Companies and investors have some big decisions ahead of them as we start the second half of the year.  They can be summed up in one super-critical question:

“Do they believe that global reflation is finally now underway?”

The arguments in favour of this analysis were given last week by European Central Bank President, Mario Draghi:

“For many years after the financial crisis, economic performance was lacklustre across advanced economies. Now, the global recovery is firming and broadening…monetary policy is working to build up reflationary pressures…we can be confident that our policy is working and its full effects on inflation will gradually materialise.”

The analysis has been supported by other central bankers.  The US Federal Reserve has raised interest rates 3 times since December, whilst the Bank of England has sent the pound soaring with a hint that it might soon start to raise interest rates.  Most importantly, Fed Chair Janet Yellen told a London conference last week that she:

Did not expect to see another financial crisis in our lifetime”.

The chart above from Nobel Prizewinner Prof Robert Shiller confirms that investors certainly believe the reflation story.  His 10-year CAPE Index (Cyclically Adjusted Price/Earnings Index) has now reached 30—a level which has only been seen twice before in history – in 1929 and 2000. Neither were good years for investors.

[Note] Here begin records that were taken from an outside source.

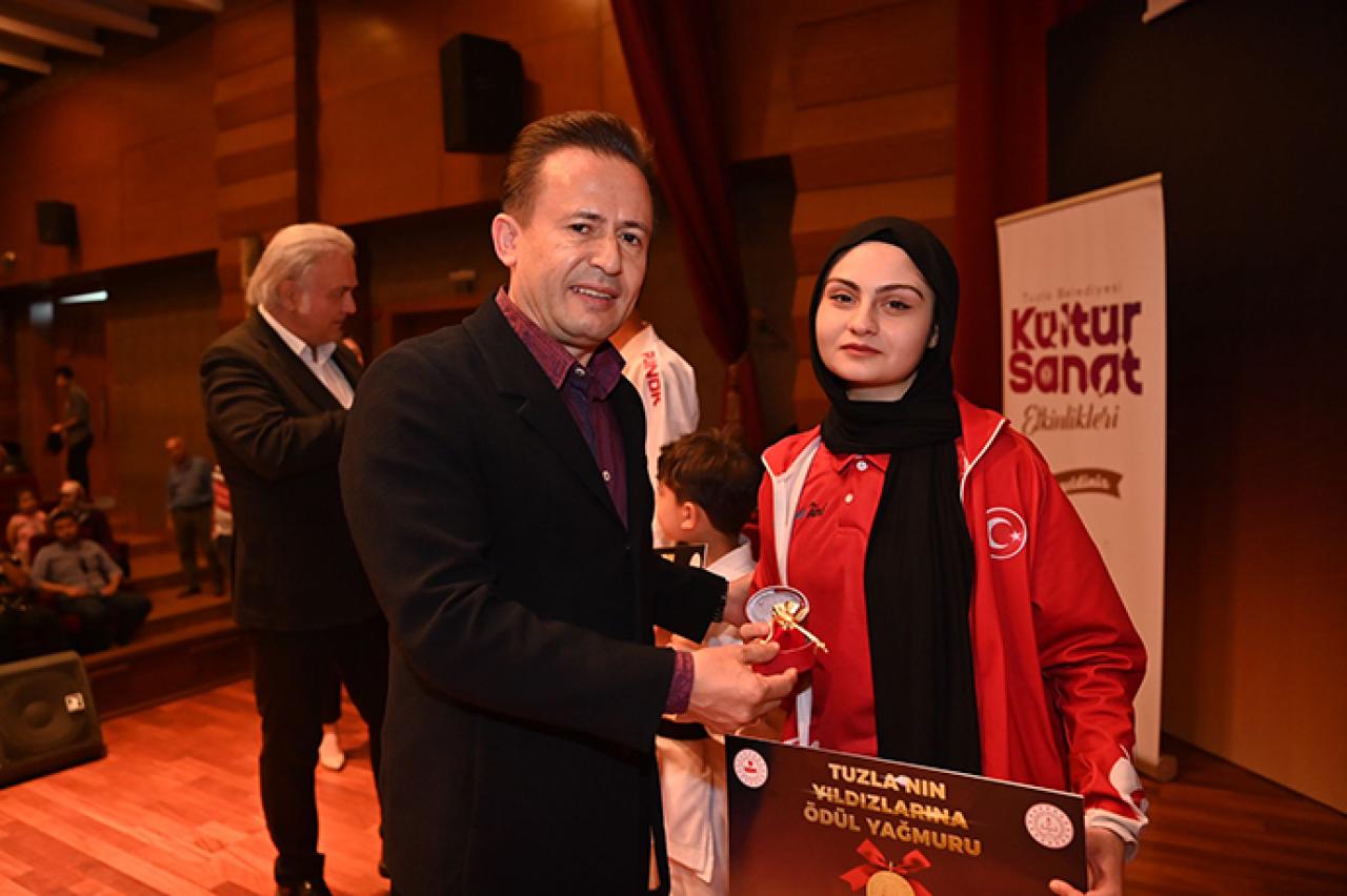 Tuzla Kaymakamlığı, Tuzla Belediyesi ve Tuzla İlçe Milli Eğitim Müdürlüğü işbirliğinde Tuzla’nın başarılı öğrencilerinin ödüllendirildiği ‘Tuzla’nın Yıldızlarına Ödül Yağmuru’ programının 7’incisi Tuzla Belediyesi Nikah Sarayı ve Kültür Merkezi’nde gerçekleştirildi. Koronavirüs salgını nedeniyle geçen yıl yapılmayan törende Tuzla’da okuyan ve Tuzla’yı ulusal ve uluslararası yarışmalarda temsil eden öğrencilere altın hediye edildi. Programda kültür, sanat, eğitim ve spor branşlarında başarılı ilkokul, ortaokul, lise ve özel eğitim kurumlarına giden 51 öğrenciye ödüllerini Tuzla Kaymakamı Ali Akça, Tuzla Belediye Başkanı Dr. Şadi Yazıcı ve Tuzla İlçe Milli Eğitim Müdürü Dr. Ahmet Alireisoğlu takdim etti. . Başarılı nedeniyle ödüllendirilen öğrenciler mutluluklarını dile getirdiler.
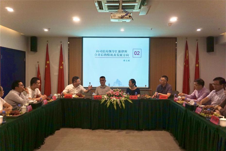 8月11日,重庆市司法局黄红、江北区司法局科长潘勇、党支部书记胡智国及周晓燕一行到访我所参观交流。我所负责人胡冬舫主任携管委会成员与司法局领导针对鼎圣佳程合并后的各项工作进行了一次交流沟通。
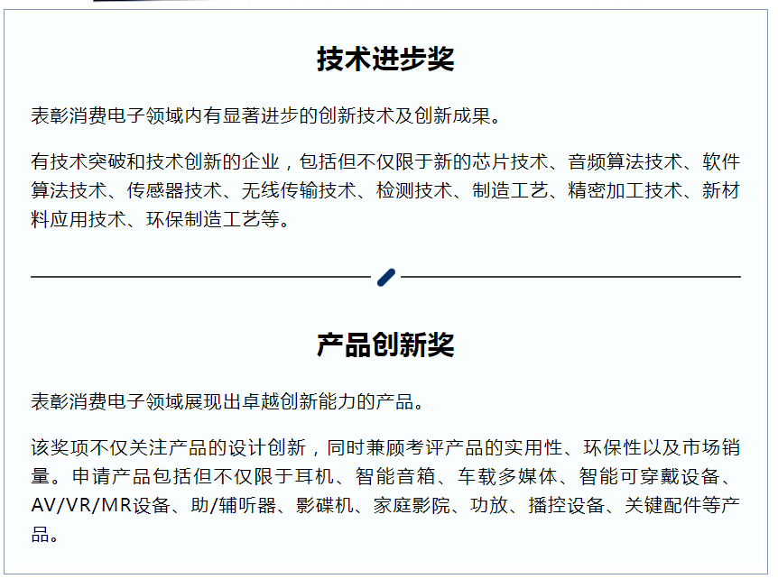 探索科技邊界,引領創(chuàng)新潮流!2025中國國際音頻產(chǎn)業(yè)大會除主旨論壇、專題論壇、快閃演講、展覽展示外,將推出2025年度“GAS消費電子科創(chuàng)獎”,包含“技術(shù)進步”獎及“產(chǎn)品創(chuàng)新”獎。是一個旨在推動消費電子行業(yè)技術(shù)進步和產(chǎn)品創(chuàng)新的重要獎項。
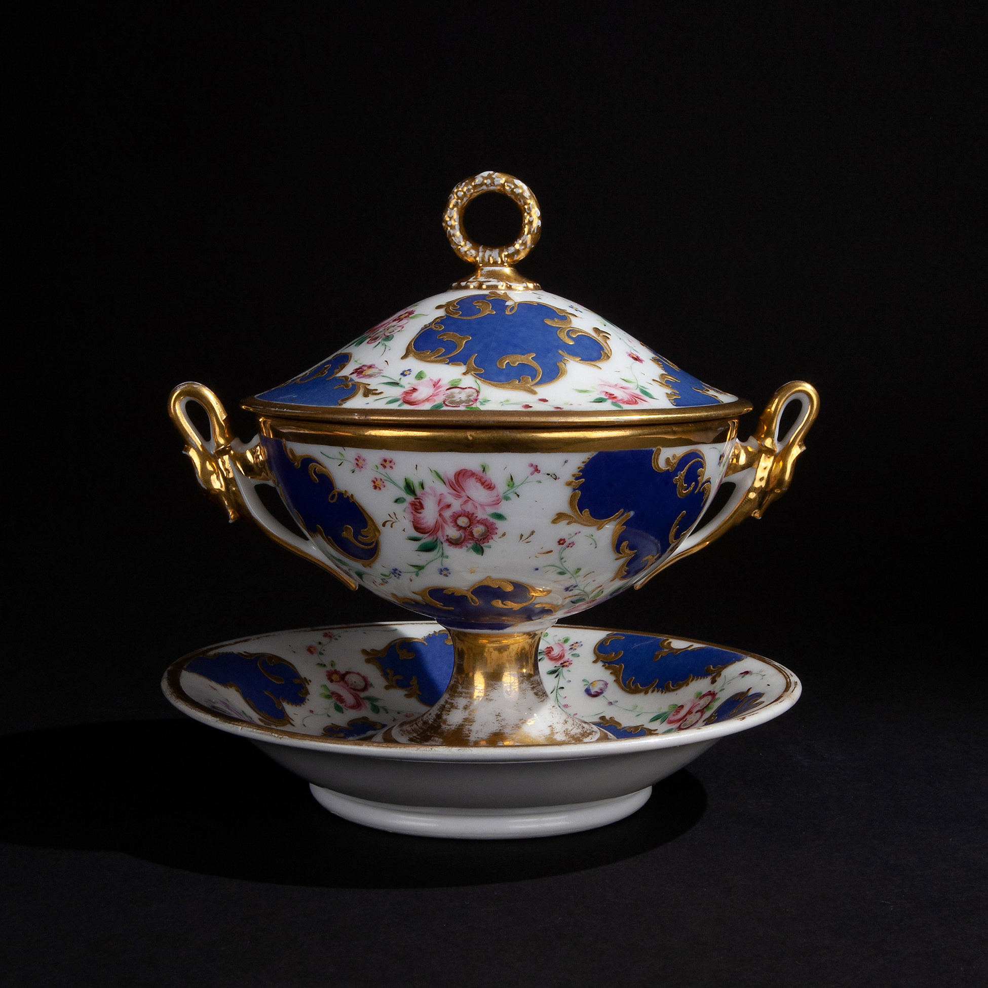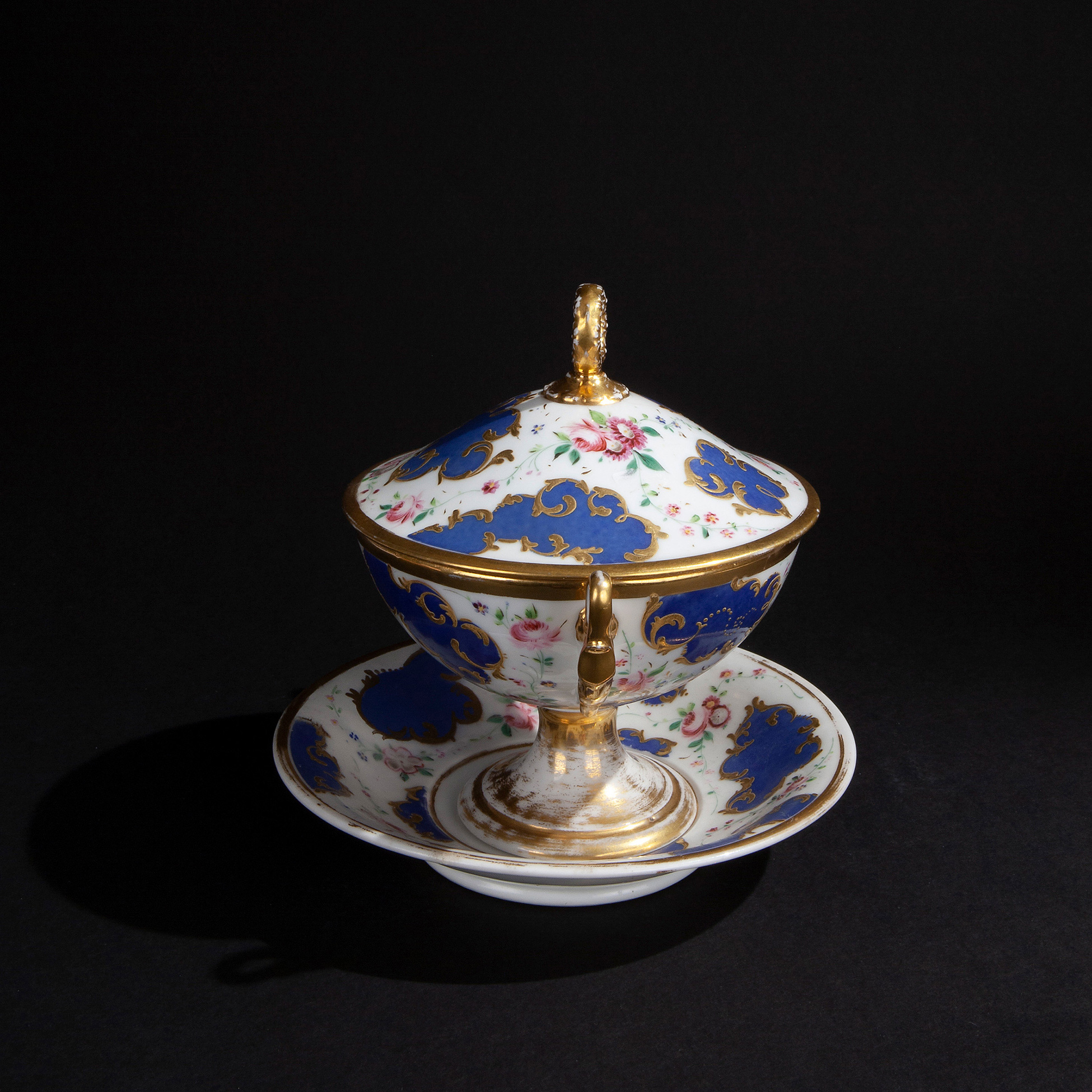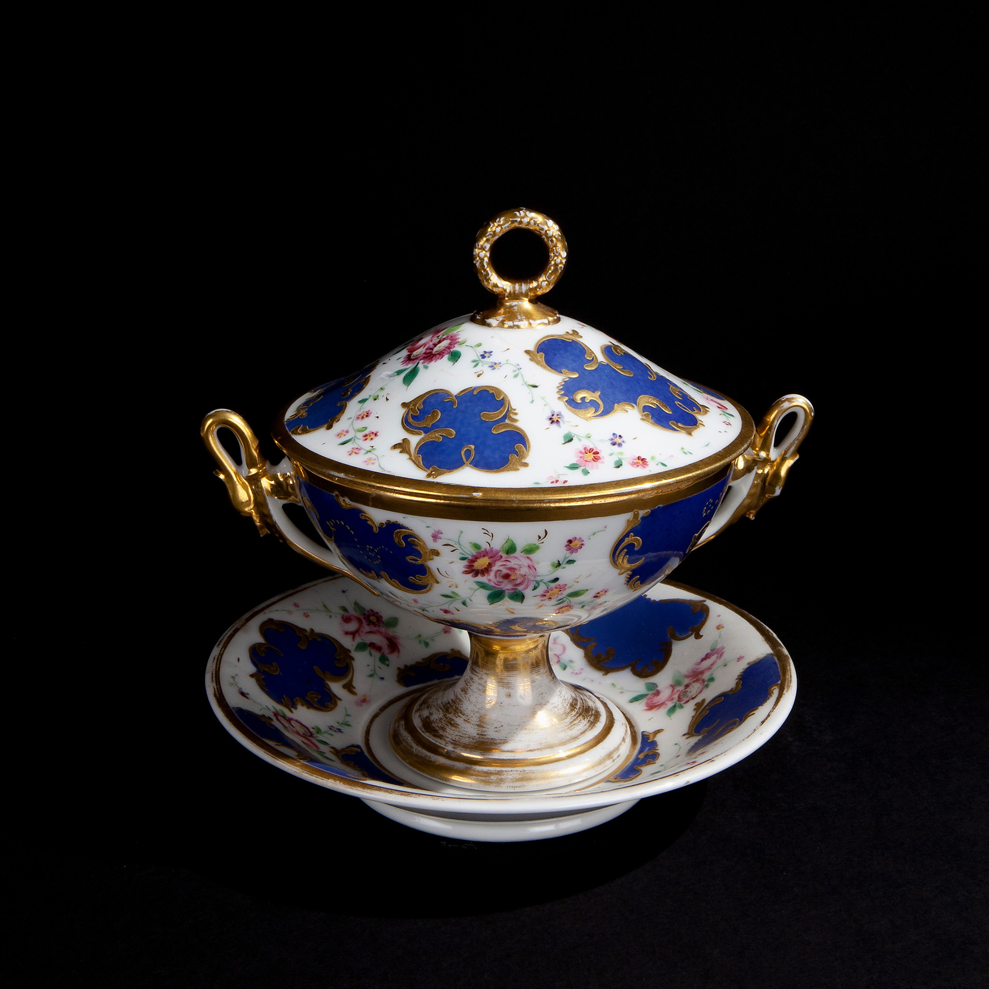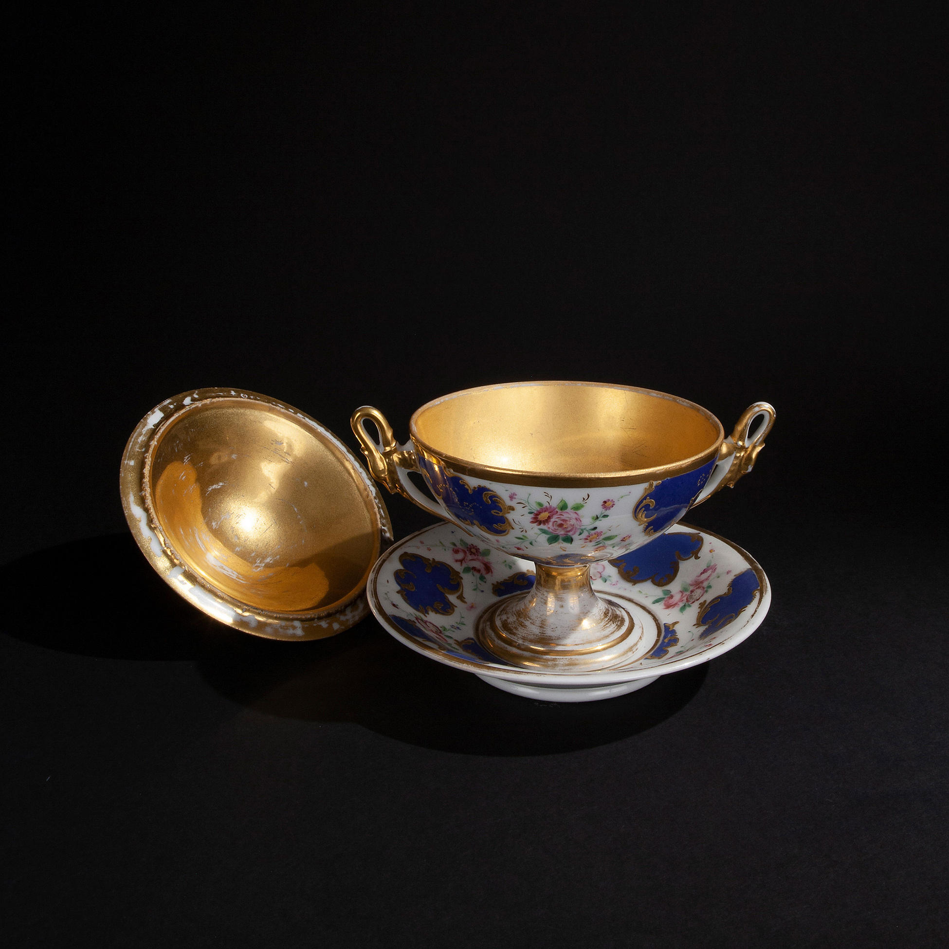 Tazza da puerpera, Francia XIX secolo Decorata a motivi astratti e vegetali blu e oro Dimensioni 17x17x17 cm.

Even more striking is the fact that veteran value-investor, Jeremy Grantham, now believes that investors will have “A longer wait than any value manager would like, including me” before the US market reverts to more normal valuation metrics. Instead, he argues that “this time seems very, very different” – echoing respected economist Irving Fisher in 1929 who suggested “stock prices have reached what looks like a permanently high plateau“.